Yeah Boy looked at me and said, “That cough medicine made her a little drowsy, I imagine.” He stuck his finger inside his shirt and scratched his stomach.
“I’m sorry, ma’am, but I got to tell the driver something. I’m sorry I got you up,” I said.
“Oh, don’t you worry a nickel’s worth, hon’. You jus’ go right ahead.” She got up and stood in the aisle rubbing her arm. She gave Yeah Boy a nasty stare.
“Thank you,” I said.
I scooted down the steps and was able to get to the driver before he had closed the compartment. “Excuse me, Mr. Riley.” His name was printed on his nametag. “My mother and daddy said to ask you if I could get off at Trek Mayfield’s mailbox just outta town.”

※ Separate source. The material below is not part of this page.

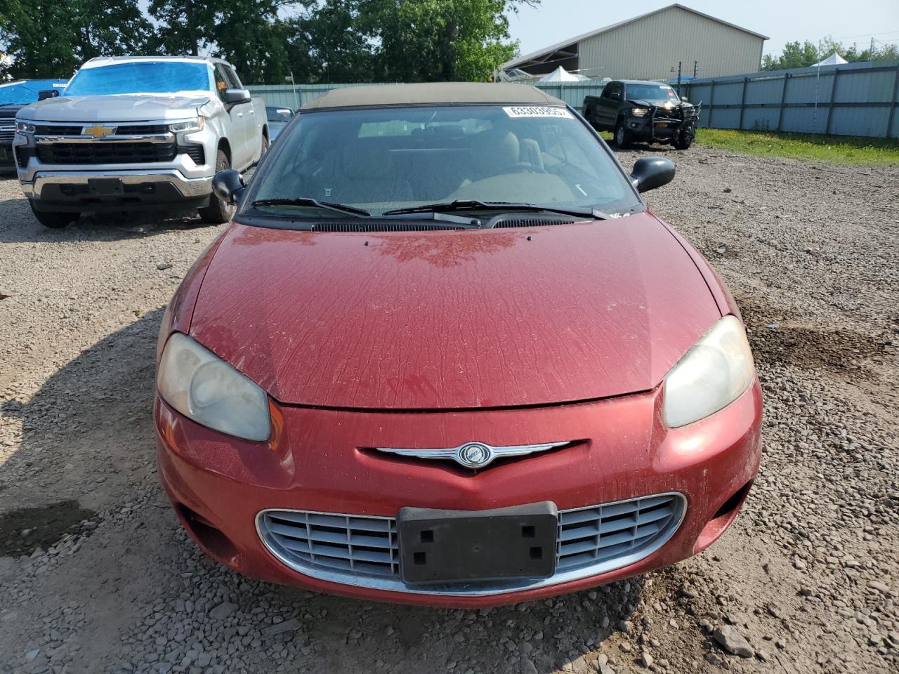 The 2002 CHRYSLER SEBRING GT in red exhibits normal wear and tear with no major secondary damage. It's a Run & Drive Verified vehicle. The vehicle's exterior shows minor/moderate visible damage. The interior has minor visible damage. The car is drivable but may require some repairs.
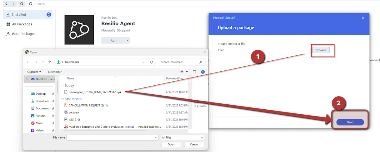 Step 4 - Choose the new Resilio Connect Agent package that was downloaded from the Resilio Connect URL Synology agent page. Then click "Next".

“Well, I think that’ll be okay, son.”
“The reason I’m tellin’ you now is because I thought you might want to get my suitcase out now. So you wouldn’t have to do it two times in jus’ a few minutes.”
“Well, that’s a good idea. I appreciate that, little buddy. Let’s see, you gotta a claim check? You haven’t lost it, have you?”
I dug down in my pocket and found it among my pocket knife and the change I had gotten from breaking one of my dollar bills. It was pretty crushed and rumpled, but you could still read the numbers.